● **WHAT YOU HAVE TO DO**:
Please restate all of the records word for word, setting the pictures aside.

--- DATA PROVIDED ---

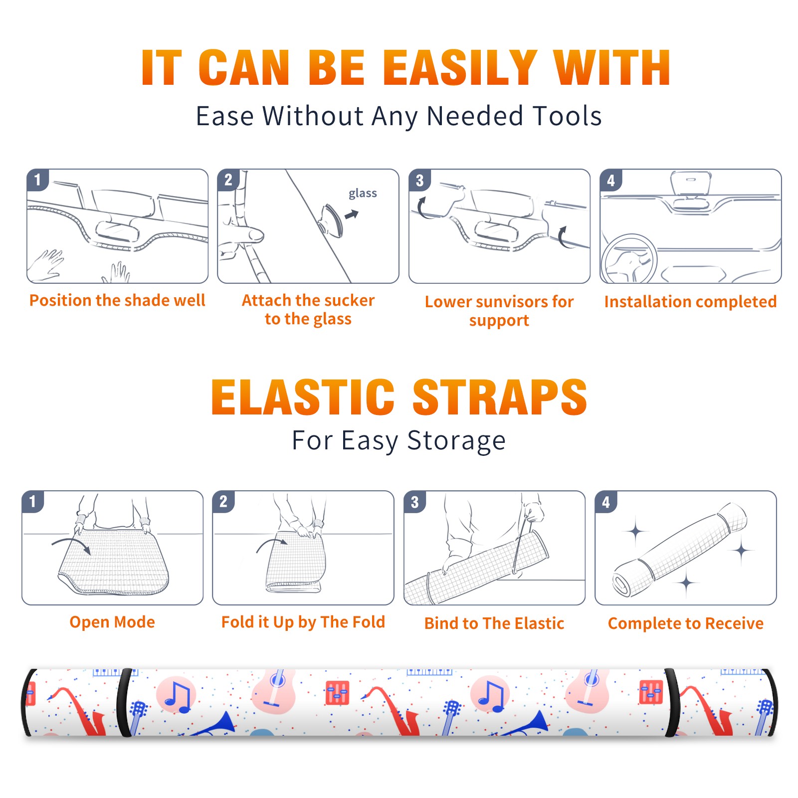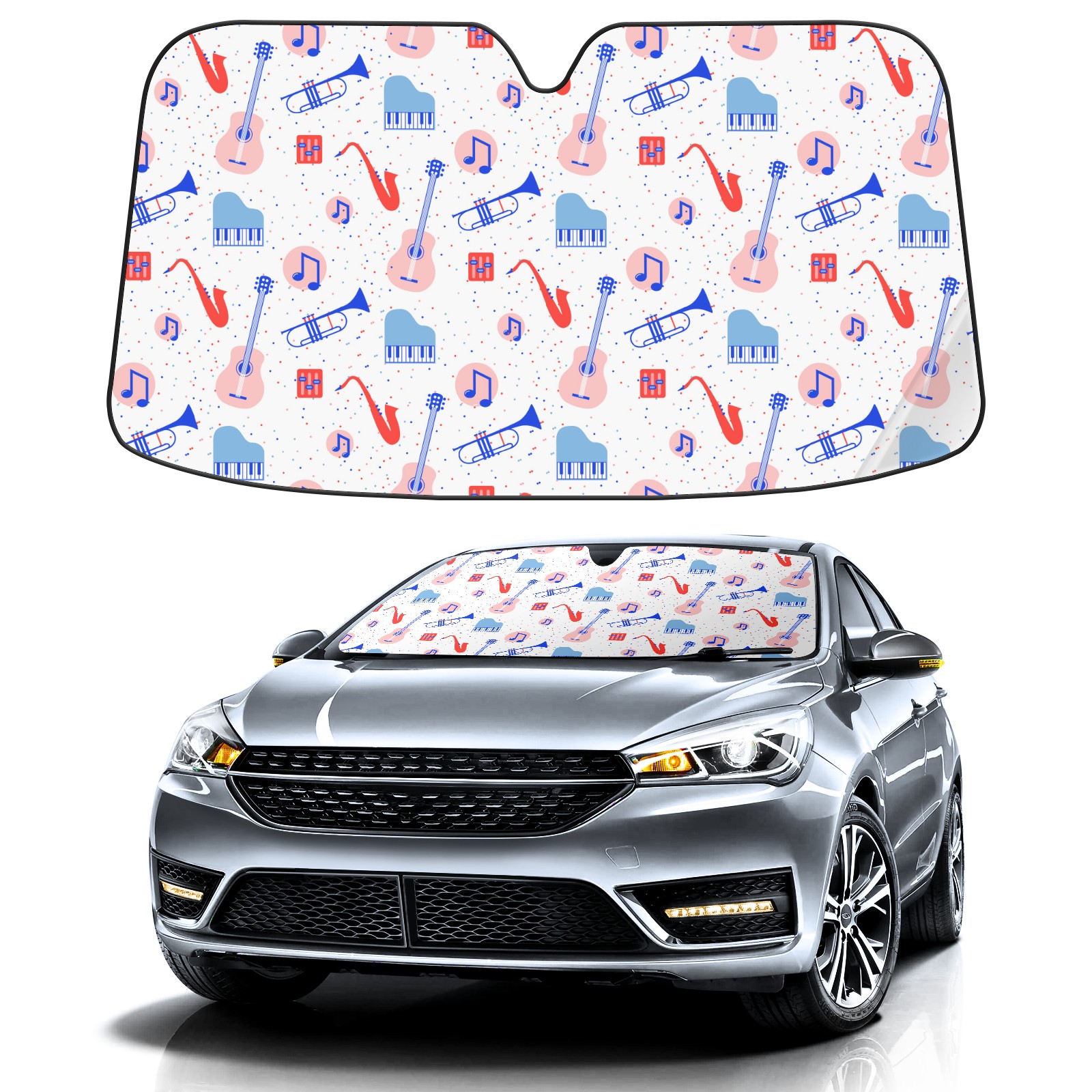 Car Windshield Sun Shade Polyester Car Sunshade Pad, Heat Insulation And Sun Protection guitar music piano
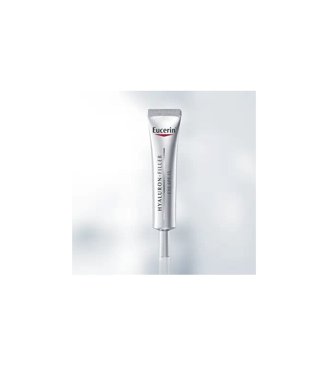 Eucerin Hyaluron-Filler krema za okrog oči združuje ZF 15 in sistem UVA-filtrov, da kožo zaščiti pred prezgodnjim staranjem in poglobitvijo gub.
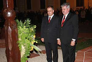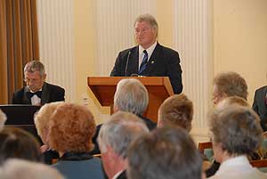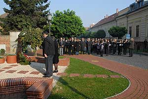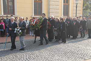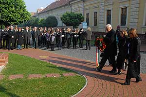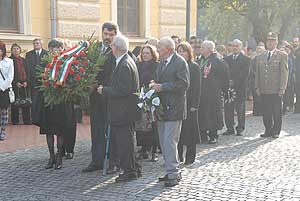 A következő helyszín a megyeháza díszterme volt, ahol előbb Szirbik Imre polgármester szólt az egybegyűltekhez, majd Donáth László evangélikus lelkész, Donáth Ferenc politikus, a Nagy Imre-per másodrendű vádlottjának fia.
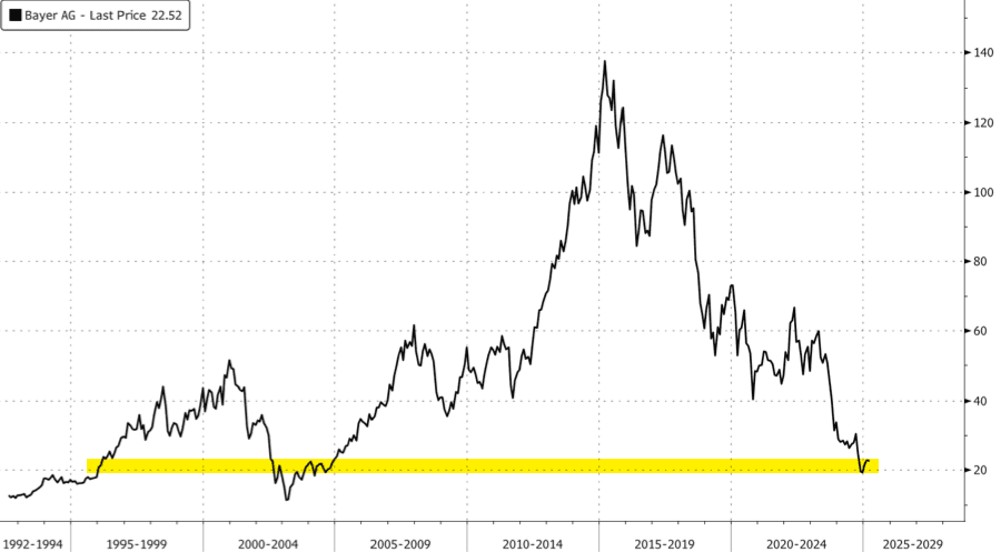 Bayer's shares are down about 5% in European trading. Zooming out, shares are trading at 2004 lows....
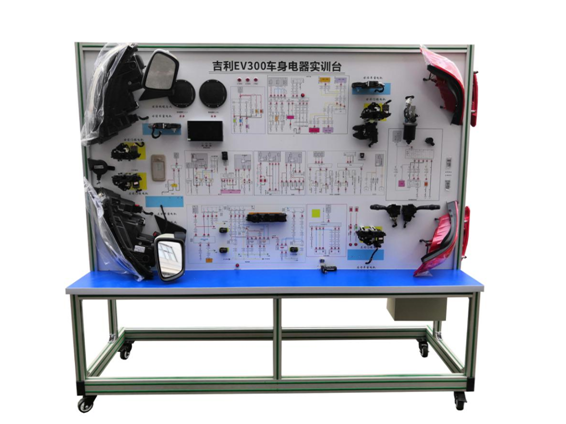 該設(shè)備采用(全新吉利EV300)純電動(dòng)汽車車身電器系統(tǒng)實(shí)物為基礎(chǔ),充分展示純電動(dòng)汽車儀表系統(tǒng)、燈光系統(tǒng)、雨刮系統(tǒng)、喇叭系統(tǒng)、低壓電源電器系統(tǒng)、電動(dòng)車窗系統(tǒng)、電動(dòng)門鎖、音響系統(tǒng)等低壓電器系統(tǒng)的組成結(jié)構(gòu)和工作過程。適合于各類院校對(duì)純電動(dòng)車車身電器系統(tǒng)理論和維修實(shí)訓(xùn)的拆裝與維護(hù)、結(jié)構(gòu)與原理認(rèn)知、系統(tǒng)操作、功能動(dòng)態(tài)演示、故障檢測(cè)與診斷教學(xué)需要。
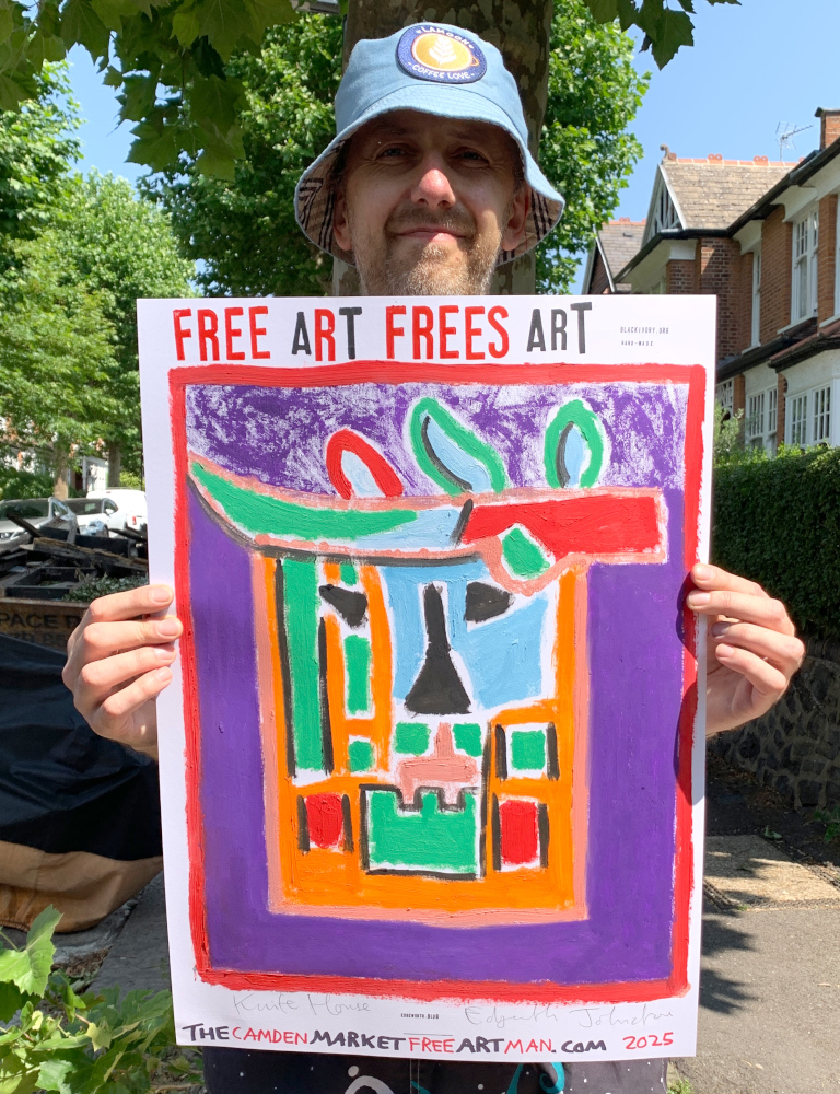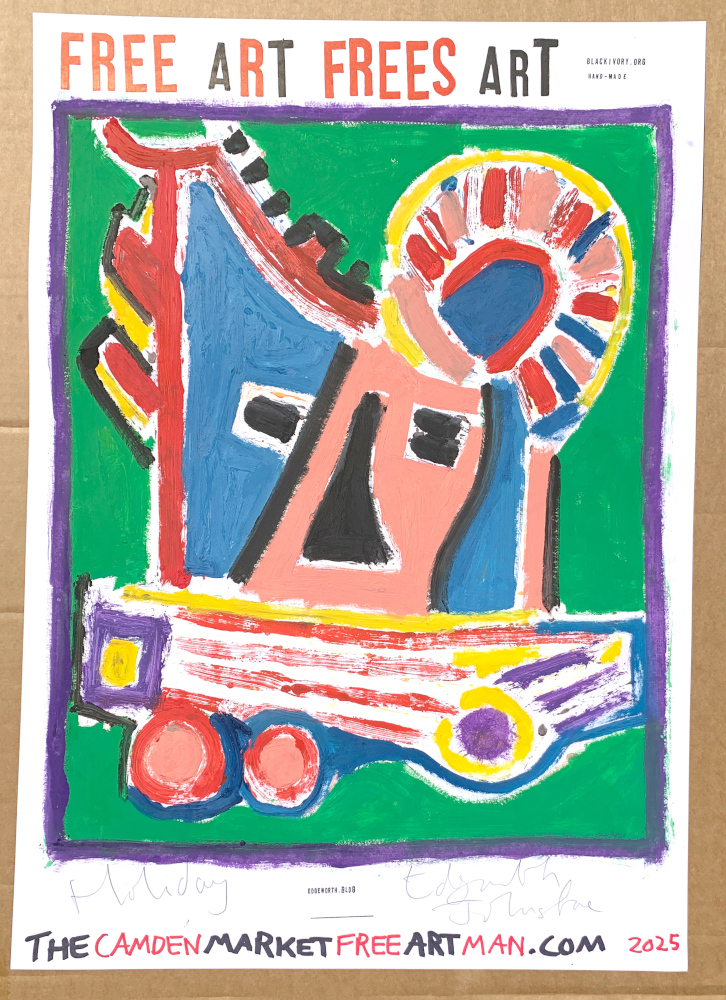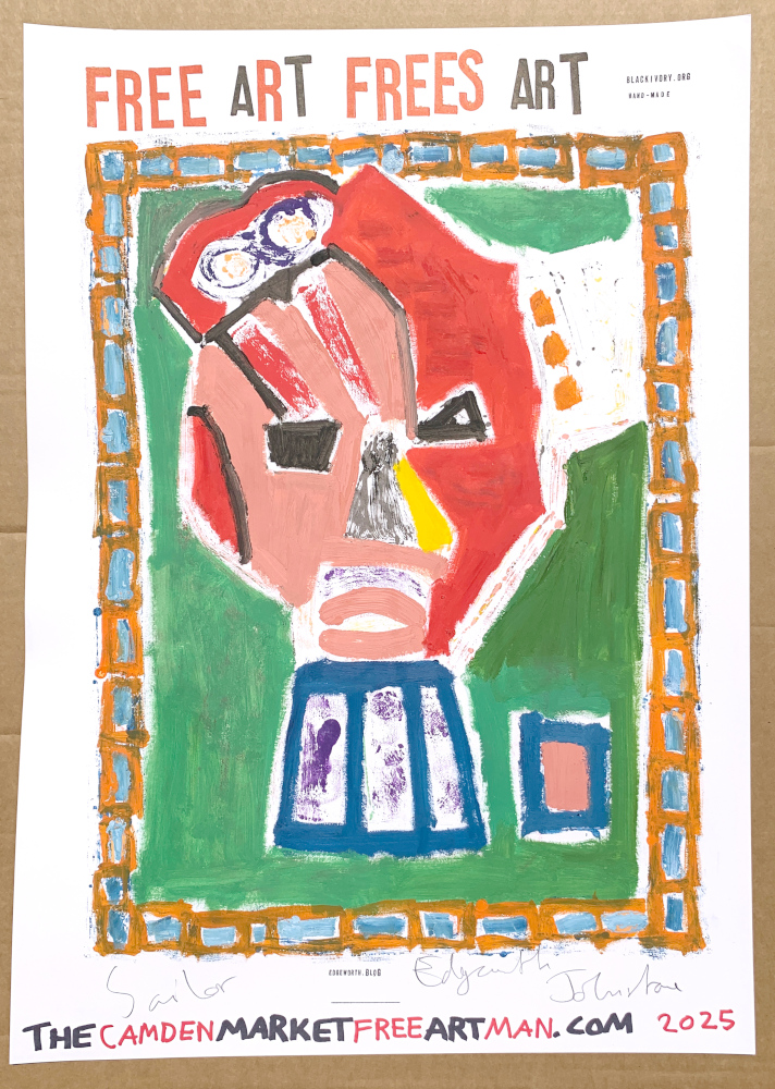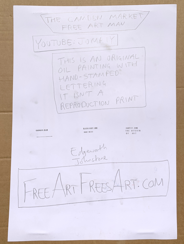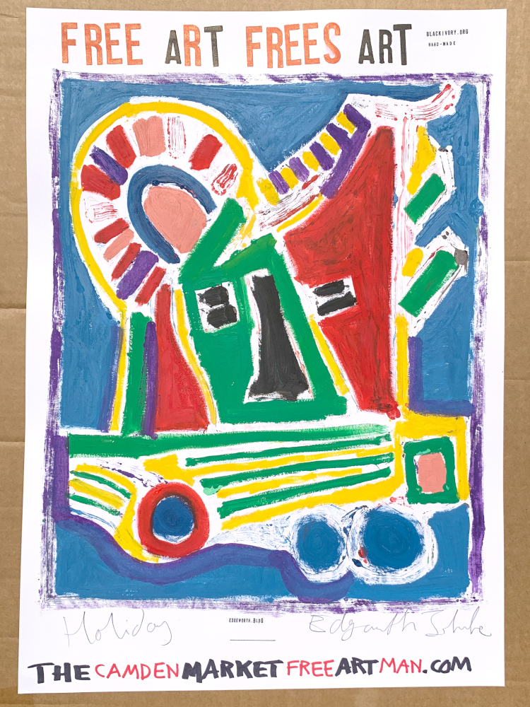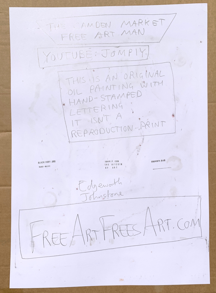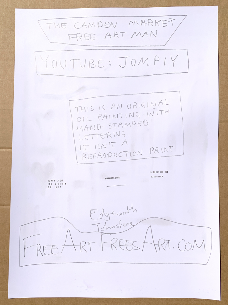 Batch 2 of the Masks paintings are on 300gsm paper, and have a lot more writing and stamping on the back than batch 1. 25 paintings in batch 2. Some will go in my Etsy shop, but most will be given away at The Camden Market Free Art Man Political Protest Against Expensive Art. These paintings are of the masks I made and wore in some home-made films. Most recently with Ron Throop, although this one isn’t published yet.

---

● **SOLUTION**:
 Car Windshield Sun Shade Polyester Car Sunshade Pad, Heat Insulation And Sun Protection guitar music piano
 Eucerin Hyaluron-Filler krema za okrog oči združuje ZF 15 in sistem UVA-filtrov, da kožo zaščiti pred prezgodnjim staranjem in poglobitvijo gub.
 A következő helyszín a megyeháza díszterme volt, ahol előbb Szirbik Imre polgármester szólt az egybegyűltekhez, majd Donáth László evangélikus lelkész, Donáth Ferenc politikus, a Nagy Imre-per másodrendű vádlottjának fia.
 Bayer's shares are down about 5% in European trading. Zooming out, shares are trading at 2004 lows....
 該設(shè)備采用(全新吉利EV300)純電動(dòng)汽車車身電器系統(tǒng)實(shí)物為基礎(chǔ),充分展示純電動(dòng)汽車儀表系統(tǒng)、燈光系統(tǒng)、雨刮系統(tǒng)、喇叭系統(tǒng)、低壓電源電器系統(tǒng)、電動(dòng)車窗系統(tǒng)、電動(dòng)門鎖、音響系統(tǒng)等低壓電器系統(tǒng)的組成結(jié)構(gòu)和工作過程。適合于各類院校對(duì)純電動(dòng)車車身電器系統(tǒng)理論和維修實(shí)訓(xùn)的拆裝與維護(hù)、結(jié)構(gòu)與原理認(rèn)知、系統(tǒng)操作、功能動(dòng)態(tài)演示、故障檢測(cè)與診斷教學(xué)需要。
 Batch 2 of the Masks paintings are on 300gsm paper, and have a lot more writing and stamping on the back than batch 1. 25 paintings in batch 2. Some will go in my Etsy shop, but most will be given away at The Camden Market Free Art Man Political Protest Against Expensive Art. These paintings are of the masks I made and wore in some home-made films. Most recently with Ron Throop, although this one isn’t published yet.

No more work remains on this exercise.